### PROBLEM DESCRIPTION
Below are some records. Return exactly their lines from the one containing "Med tomat, ost, Kødsauce, skinke, ananas, paprika" through the one containing "Thực hiện Quyết", and drop the pictures.
TASK MATERIAL Start Marker
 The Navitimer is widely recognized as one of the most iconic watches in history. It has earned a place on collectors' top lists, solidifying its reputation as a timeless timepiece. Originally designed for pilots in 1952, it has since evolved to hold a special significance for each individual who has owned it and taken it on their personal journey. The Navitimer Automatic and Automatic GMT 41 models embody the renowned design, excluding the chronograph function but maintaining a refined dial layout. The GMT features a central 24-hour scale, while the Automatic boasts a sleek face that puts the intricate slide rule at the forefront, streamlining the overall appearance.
TASK MATERIAL End Marker
TASK MATERIAL Start Marker
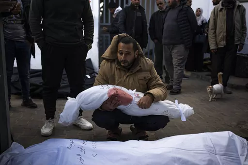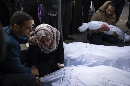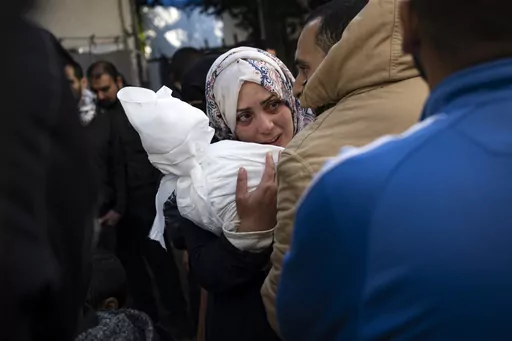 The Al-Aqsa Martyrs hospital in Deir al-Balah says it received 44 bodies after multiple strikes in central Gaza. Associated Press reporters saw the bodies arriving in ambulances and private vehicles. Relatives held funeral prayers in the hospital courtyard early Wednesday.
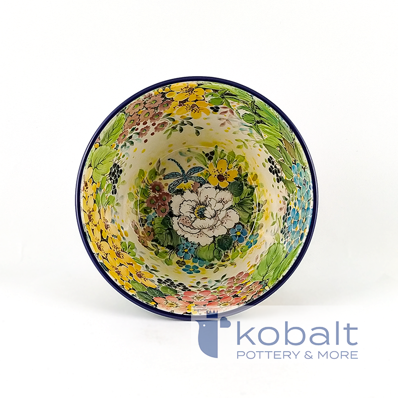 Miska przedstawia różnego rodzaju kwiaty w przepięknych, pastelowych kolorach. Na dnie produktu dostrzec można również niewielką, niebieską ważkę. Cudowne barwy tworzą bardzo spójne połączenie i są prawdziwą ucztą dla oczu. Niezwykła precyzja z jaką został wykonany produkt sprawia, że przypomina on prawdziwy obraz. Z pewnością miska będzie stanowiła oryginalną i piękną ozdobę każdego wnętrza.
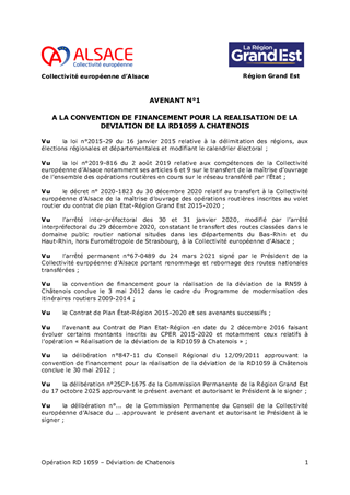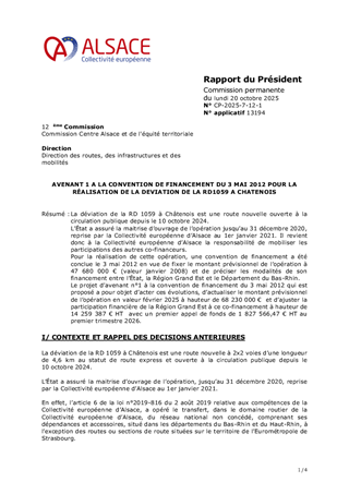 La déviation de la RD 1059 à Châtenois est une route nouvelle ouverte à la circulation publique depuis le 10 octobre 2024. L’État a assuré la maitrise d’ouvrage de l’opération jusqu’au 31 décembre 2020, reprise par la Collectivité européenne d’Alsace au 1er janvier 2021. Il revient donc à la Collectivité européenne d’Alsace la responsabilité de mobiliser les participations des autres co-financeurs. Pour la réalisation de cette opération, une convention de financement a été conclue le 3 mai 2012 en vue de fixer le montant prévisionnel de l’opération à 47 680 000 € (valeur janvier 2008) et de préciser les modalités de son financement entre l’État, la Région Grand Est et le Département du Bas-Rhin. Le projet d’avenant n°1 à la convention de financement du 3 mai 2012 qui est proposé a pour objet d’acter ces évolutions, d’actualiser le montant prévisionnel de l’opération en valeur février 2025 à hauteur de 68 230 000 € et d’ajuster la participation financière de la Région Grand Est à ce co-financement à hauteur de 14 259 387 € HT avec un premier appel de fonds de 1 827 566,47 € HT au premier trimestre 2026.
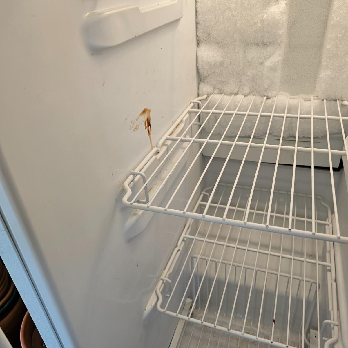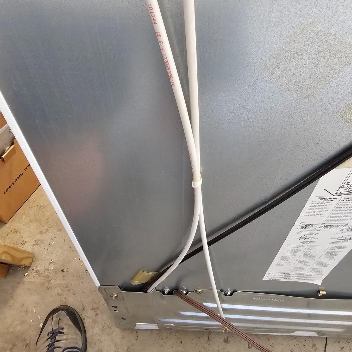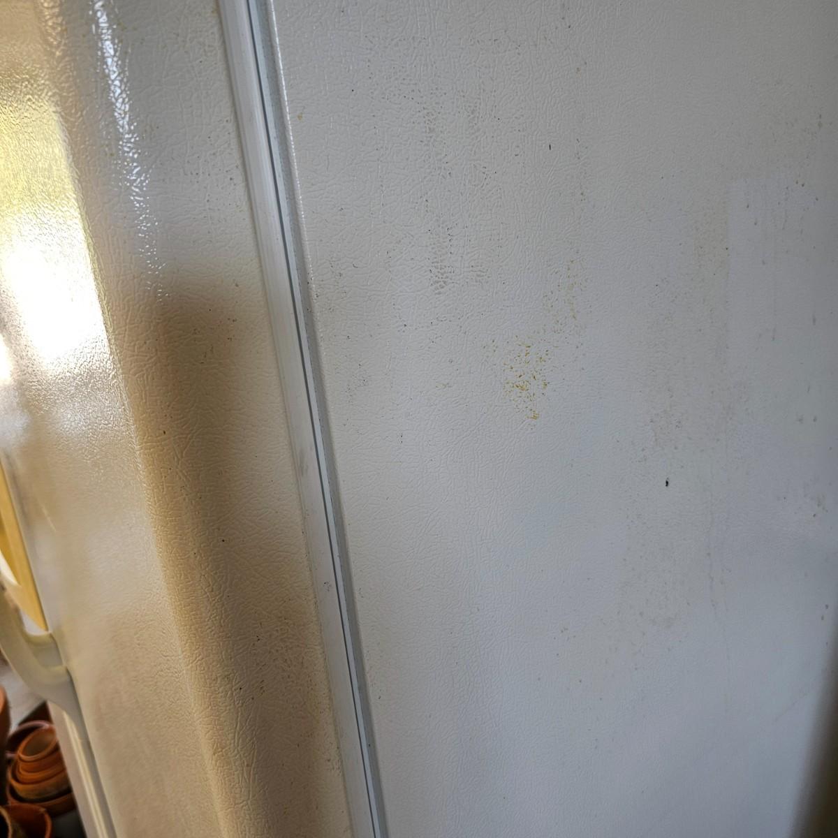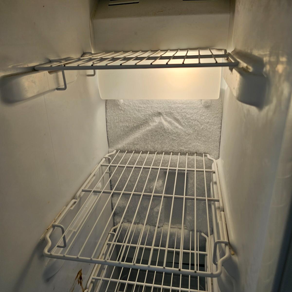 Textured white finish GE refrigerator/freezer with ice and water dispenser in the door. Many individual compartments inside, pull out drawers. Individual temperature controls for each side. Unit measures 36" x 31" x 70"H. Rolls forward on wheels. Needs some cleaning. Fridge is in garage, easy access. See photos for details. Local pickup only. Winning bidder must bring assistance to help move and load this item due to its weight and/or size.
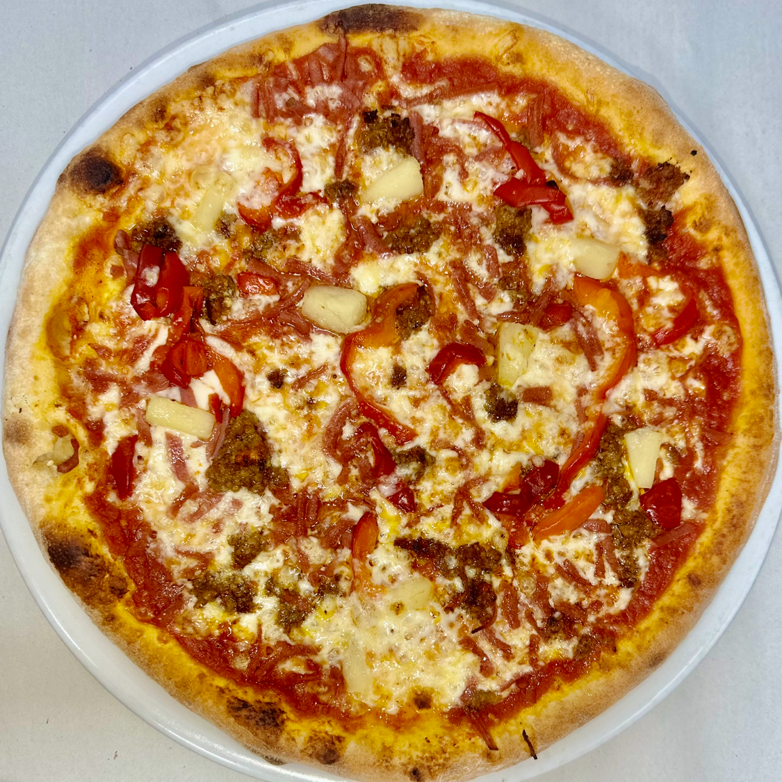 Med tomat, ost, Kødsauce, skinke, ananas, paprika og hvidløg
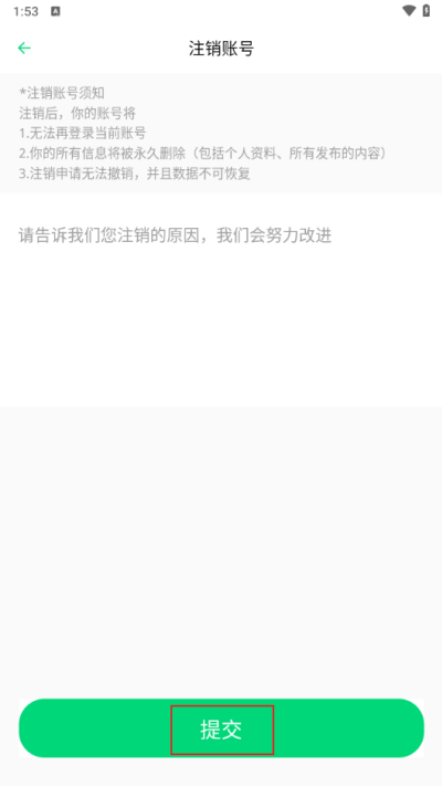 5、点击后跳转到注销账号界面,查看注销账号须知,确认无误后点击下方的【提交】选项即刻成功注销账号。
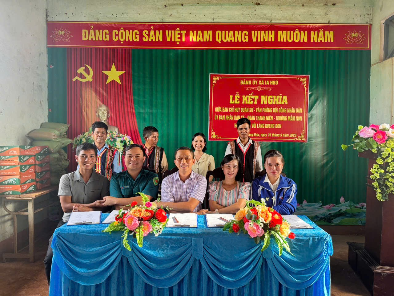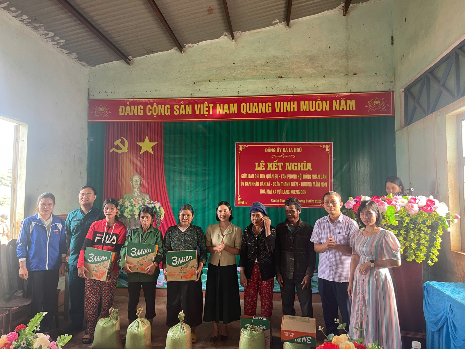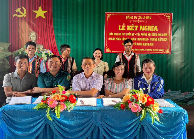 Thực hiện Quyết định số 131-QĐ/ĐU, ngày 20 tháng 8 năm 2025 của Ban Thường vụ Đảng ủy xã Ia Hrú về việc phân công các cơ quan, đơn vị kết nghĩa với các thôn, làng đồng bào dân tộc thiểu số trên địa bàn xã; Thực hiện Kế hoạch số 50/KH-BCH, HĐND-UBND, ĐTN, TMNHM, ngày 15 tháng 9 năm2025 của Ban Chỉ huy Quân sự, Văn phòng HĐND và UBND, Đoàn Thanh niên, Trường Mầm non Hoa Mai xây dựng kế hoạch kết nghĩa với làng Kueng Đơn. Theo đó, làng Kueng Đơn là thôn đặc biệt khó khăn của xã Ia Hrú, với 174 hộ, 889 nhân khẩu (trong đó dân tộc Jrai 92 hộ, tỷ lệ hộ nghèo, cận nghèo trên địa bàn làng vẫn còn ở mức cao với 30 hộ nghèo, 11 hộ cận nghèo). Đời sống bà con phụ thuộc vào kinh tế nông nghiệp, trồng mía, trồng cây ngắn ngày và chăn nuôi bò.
TASK MATERIAL End Marker
### RESULT OF THE EXERCISE
 Med tomat, ost, Kødsauce, skinke, ananas, paprika og hvidløg
 5、点击后跳转到注销账号界面,查看注销账号须知,确认无误后点击下方的【提交】选项即刻成功注销账号。
 Thực hiện Quyết định số 131-QĐ/ĐU, ngày 20 tháng 8 năm 2025 của Ban Thường vụ Đảng ủy xã Ia Hrú về việc phân công các cơ quan, đơn vị kết nghĩa với các thôn, làng đồng bào dân tộc thiểu số trên địa bàn xã; Thực hiện Kế hoạch số 50/KH-BCH, HĐND-UBND, ĐTN, TMNHM, ngày 15 tháng 9 năm2025 của Ban Chỉ huy Quân sự, Văn phòng HĐND và UBND, Đoàn Thanh niên, Trường Mầm non Hoa Mai xây dựng kế hoạch kết nghĩa với làng Kueng Đơn. Theo đó, làng Kueng Đơn là thôn đặc biệt khó khăn của xã Ia Hrú, với 174 hộ, 889 nhân khẩu (trong đó dân tộc Jrai 92 hộ, tỷ lệ hộ nghèo, cận nghèo trên địa bàn làng vẫn còn ở mức cao với 30 hộ nghèo, 11 hộ cận nghèo). Đời sống bà con phụ thuộc vào kinh tế nông nghiệp, trồng mía, trồng cây ngắn ngày và chăn nuôi bò.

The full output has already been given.